Through a Translator’s Eyes: Shyamal Bhattacharya

Shyamal Bhattacharya
I met Amrita Pritamji, the iconic Indian writer first time in 1999 at her residence in Delhi along with veteran Punjabi Fiction writer Gurbachan Singh Bhullar for obtaining her permission to translate her works into Bengali. And to my utter surprise, the mighty lady, whose works as well as life, were a bold statement that redefined not just the Punjabi literary canon but also found new words and images for how Indian women perceived themselves, have permitted me without any hesitation and blessed me with a kiss on my forehead.

We found her in a good mood and she was quite humorous. She mentioned the famous writer and journalist Khushwant Singh once telling Amritaji that the whole story of her life was so inconsequential and brief that it could be easily contained within the small space at the back of a revenue stamp. She remembered the joke and called her autobiography Raseedi Ticket (The Revenue Stamp). This one incident probably sums up this prolific and ground-breaking writer’s philosophy of life – “My work/my life will be my answer”.

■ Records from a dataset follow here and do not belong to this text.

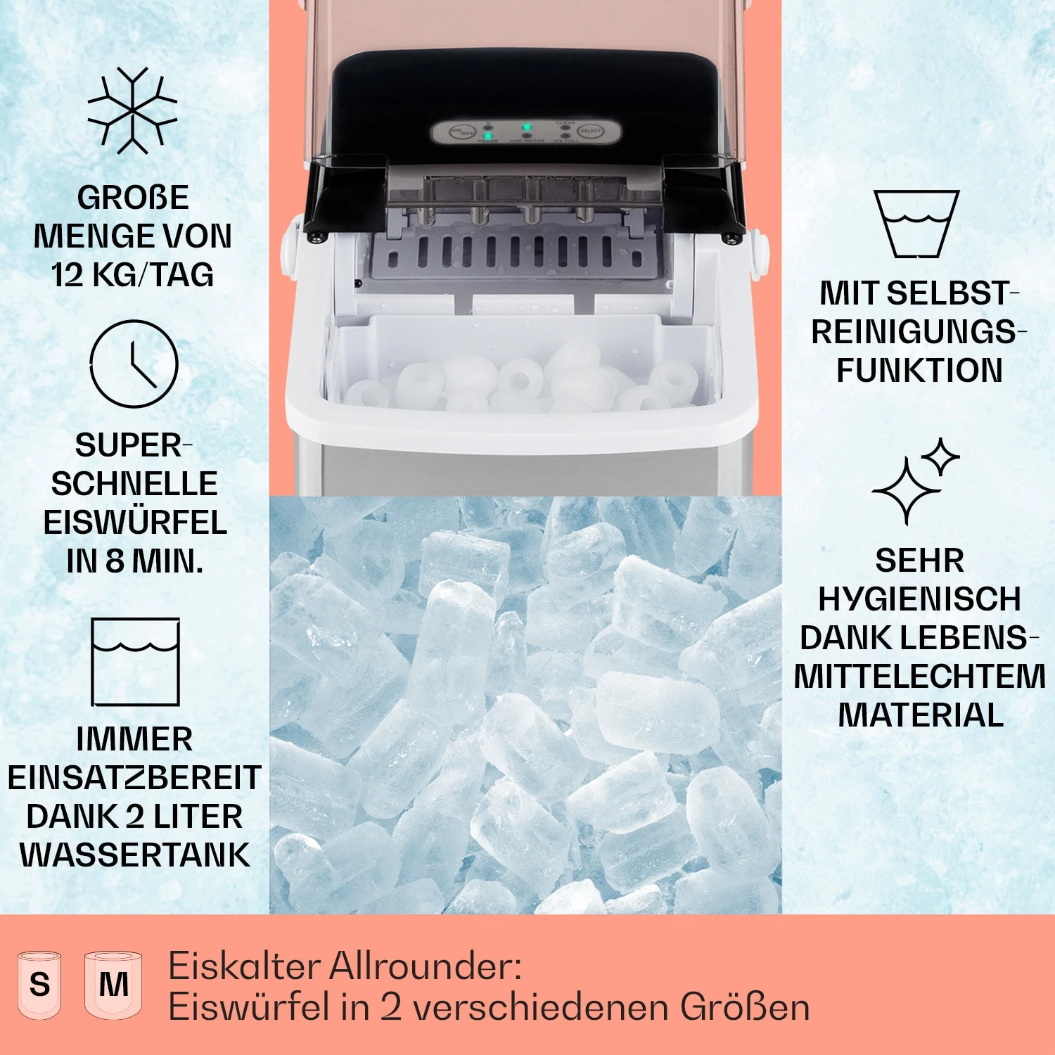 Die leistungsstarke Arctic Porter Eiswürfelmaschine stellt am Tag bis zu 12 kg Bullet-Eis her und ist hervorragend für den Einsatz auf allen Partys sowie in Gaststätten oder Bars geeignet. Auch für den normalen Heimgebrauch ist die Arctic Porter ein echter Gewinn: Mit ihr stehen zuhause immer frische Eiswürfel zum Kühlen von Drinks bereit. Abhängig von der eingestellten Größe S oder L werden 9 Eiswürfel in einem Zyklus von 8 Minuten bereitgestellt. Im Fall eines leeren Wassertanks oder eines vollen Eiswürfelbehälters geben Kontrollleuchten am übersichtlichen Touch-Bedienfeld des Eiswürfelbereiters zuverlässig Auskunft. Und wer gern alles im Blick behält, kann durch das große Sichtfenster den Füllstand genau in Augenschein nehmen, ohne den Kühlbehälter zu öffnen. Besonders praktisch ist der große Tragegriff mit dem sich der Eiswürfelbereiter zum mobilen Erfrischungskünstler verwandelt. Nach Gebrauch lässt sich der Arctic Porter dank Selbstreinigungsfunktion und einem glatten Gehäuse aus Edelstahl leicht reinigen. Das edle Finish fügt sich ideal in jedes Ambiente ein.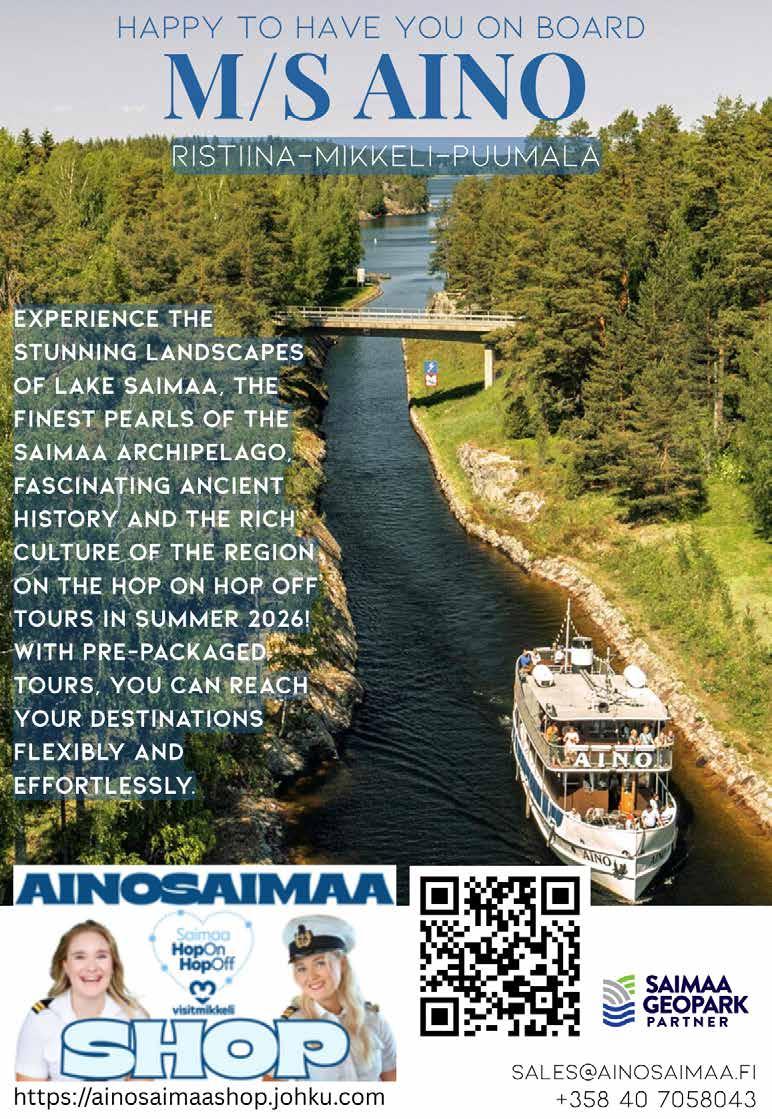 Cover photos Kayaking at sunset. Photo: Visit Saimaa View from Neitvuori Hill. Photo: Visit Saimaa Lakeside breakfast. Photo: Visit Saimaa Olavinlinna Castle in Savonlinna. Photo: Visit Saimaa Rosa Liksom. Photo: Pekka Mustonen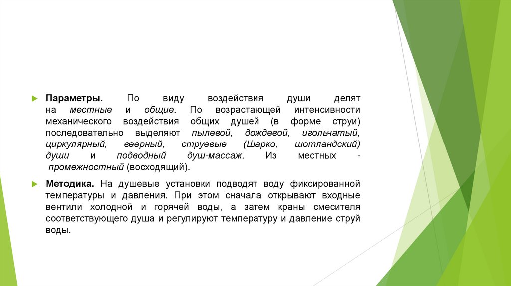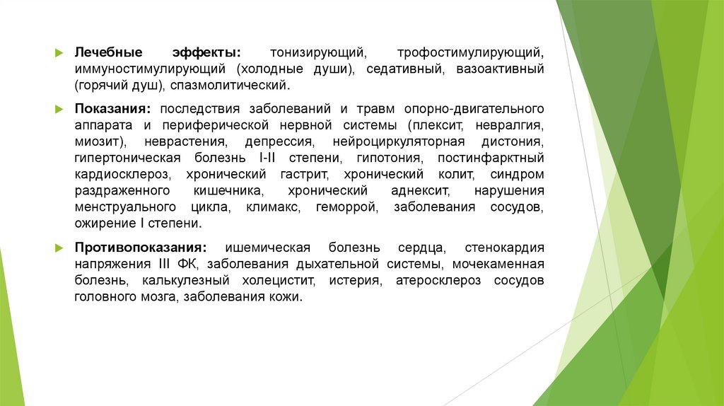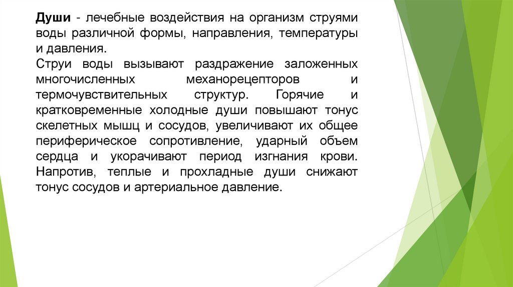 Души - лечебные воздействия на организм струямиводы различной формы, направления, температуры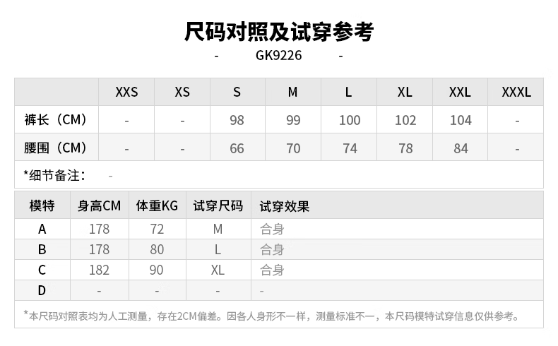 Outseam (cm) 99 cm 101.5 cm 104 cm 106.5 cm 109 cm
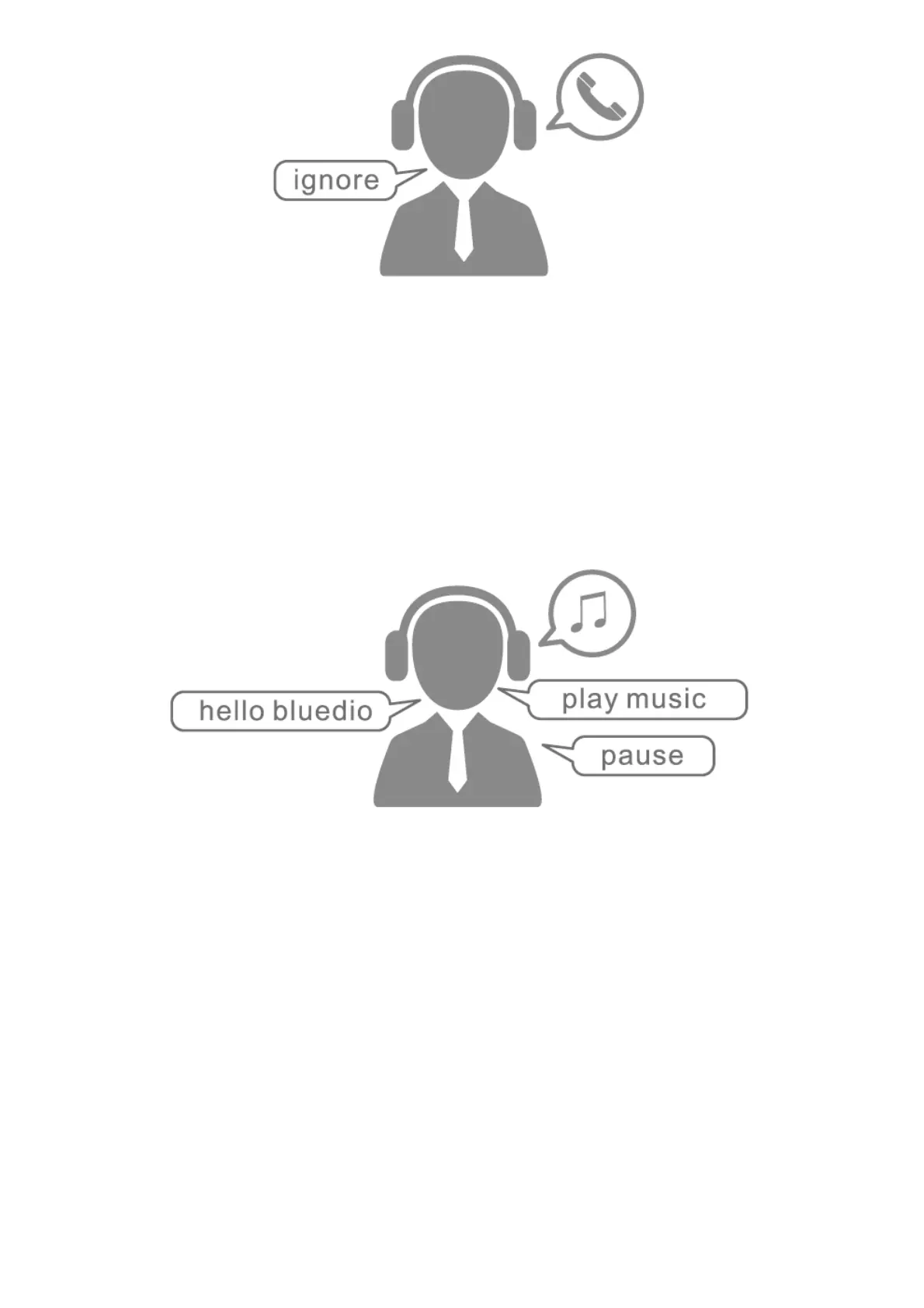 1. When playing music, say “hello bluedio” to activate the voice control, and then say “pause” to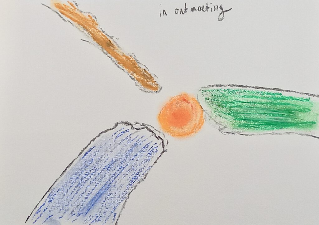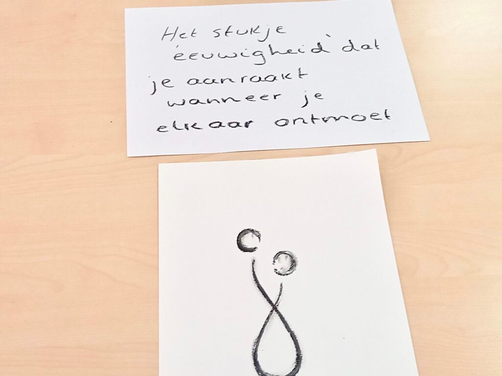 Vervolgens kregen de studenten de opdracht om in een tekening te verbeelden van voor hen de essentie is van een wezenlijke ontmoeting.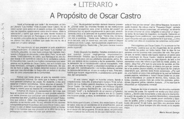 A propósito de Oscar Castro [artículo] Mario Noceti Zerega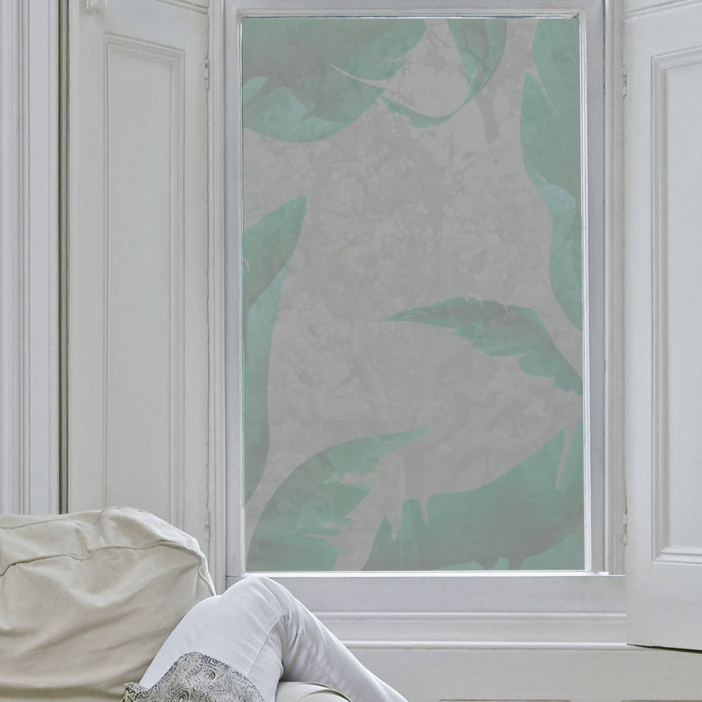 Nutmeg's tropical leaves frosted window film is ideal for security and privacy whilst still letting in natural light.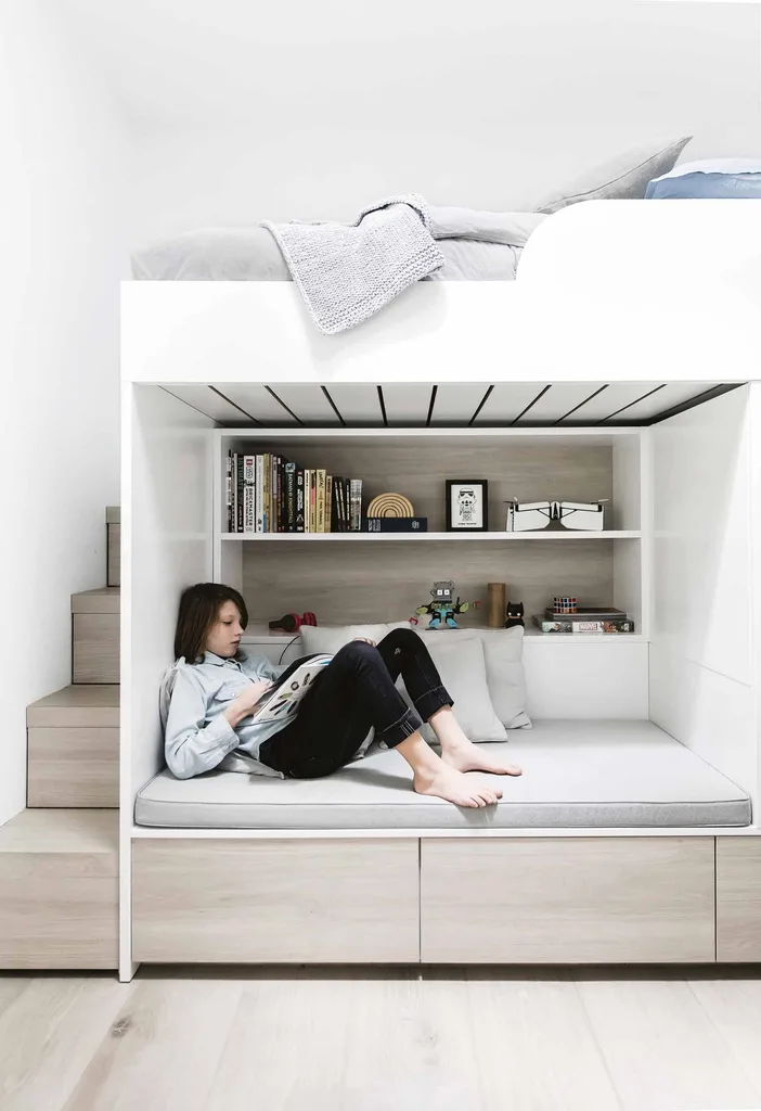 Space matters Space under a beautiful raised bed has become a book/reading nook in Nikki Yazxhi’s Sydney home by Nina Maya.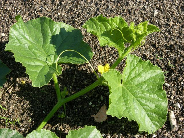 Honeydew is annual, trailing, prostrate or rarely climbing herbs which grow best in full sun or diffused sun and normally prefers well-drained, dark, warm soil, with high organic matter content. Melons can be grown on heavier soils if well drained in which case raised beds may be beneficial. Stems are angular and hirsute, sometimes becoming circular and glabrous. Leaves are sub-orbicular to reniform, shallowly 5-7-lobed, lobes obtuse, both surfaces covered with soft villous hairs; size variable, 8–15 cm long and broad, smaller in wild forms. Flowers are usually andro-monoecious; male flowers fascicled, perfect or female flowers solitary. Male flowers with villous, campanulate calyx of 5 subulate lobes, 5 lobed sub-campanulate yellow corollas, and 3 free stamens. Bisexual flowers are similar with pubescent globose, ovoid or cylindrical ovary, with short, simple style and 3–5 obtuse stigmas.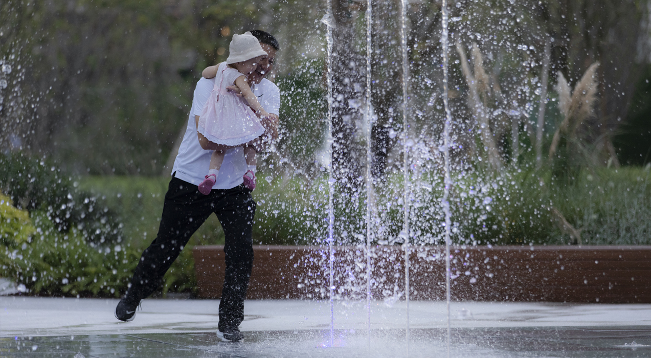 水可以吸引人不自觉地靠近,天然就具有互动性和可玩性。水景具有的互动性和游戏性,让小朋友不再是唯一的受众,大朋友也可以一起参与。直喷笔直动感的水柱,是支撑起整个水景的“中流砥柱”。喇叭泉多变的水效,是一场精彩的水秀必不可少的“特技演员”。轻盈的水帘,则是灯光水秀的“压轴戏”。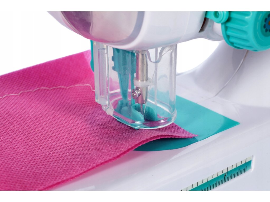 Wszystko w tej zabawce działa jak w przypadku normalnej maszyny. Możliwe ustawienie jest naciągu jak i wzoru prowadzonego ściegu.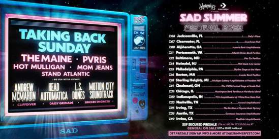 The lineup has been revealed for this year’s Sad Summer Fest tour. The trek will take place this July and it will feature: Taking Back Sunday, The Maine, PVRIS, Hot Mulligan, Mom Jeans, and Stand Atlantic. Andrew McMahon In The Wilderness, Head Automatica, L.S. Dunes, Motion City Soundtrack, Cliffdiver, Daisy Grenade, and Sincere Engineer will also perform on select dates.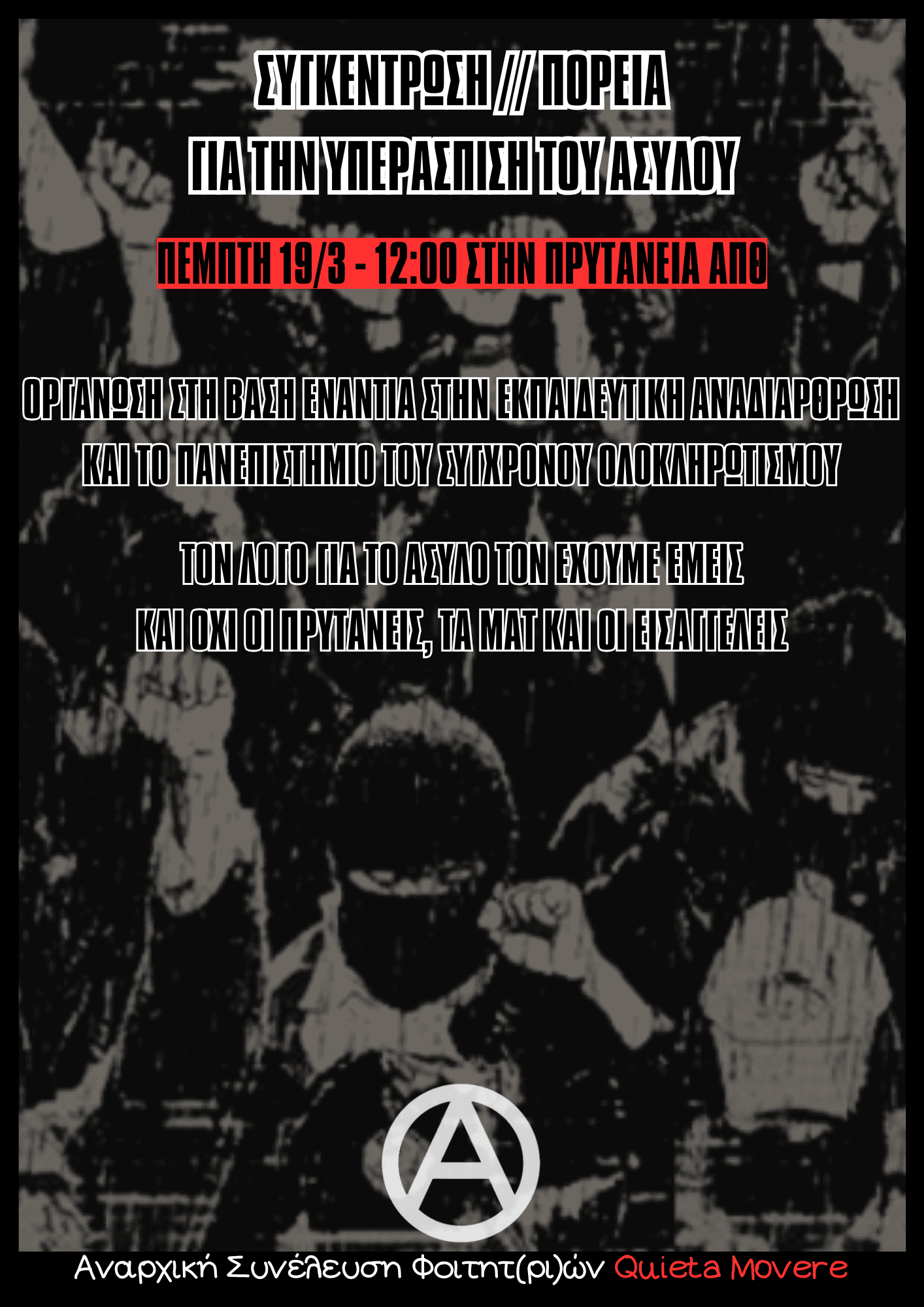 Κάλεσμα του Τοπικού Συντονισμού Θεσ/νίκης της Αναρχικής Πολιτικής Οργάνωσης - Ομοσπονδία Συλλογικοτήτων, σε αντιπολεμική πορεία την Πέμπτη 10/3 στις 18:00 στην Καμάρα

Before meeting her, I had gone through about her life and works. She was the only child of Kartar Singh and Raj Kaur, a Sikh couple who named her Amrita Kaur in 1919, in Gujranwala, Punjab in erstwhile undivided British India, now Pakistan. Her father was a school teacher by profession but is also believed to have been a small-time poet. The environment in her early home was deeply spiritual; her father was a Sikh religious pracharak (preacher) as well. Along with religious learning, she also inherited her love for literature from him.

Amrita was born a rebel, a questioner of norms, and a devil’s advocate of sorts. She asked difficult questions and challenged those things that everyone accepted as the norm. This gets reflected in her literature and personal life much later and throughout. Amrita became the first Punjabi woman writer to move out of the shadows of the contemporary male writers and created her own niche in Punjabi literature. Not just a poet, she was indeed revolution personified.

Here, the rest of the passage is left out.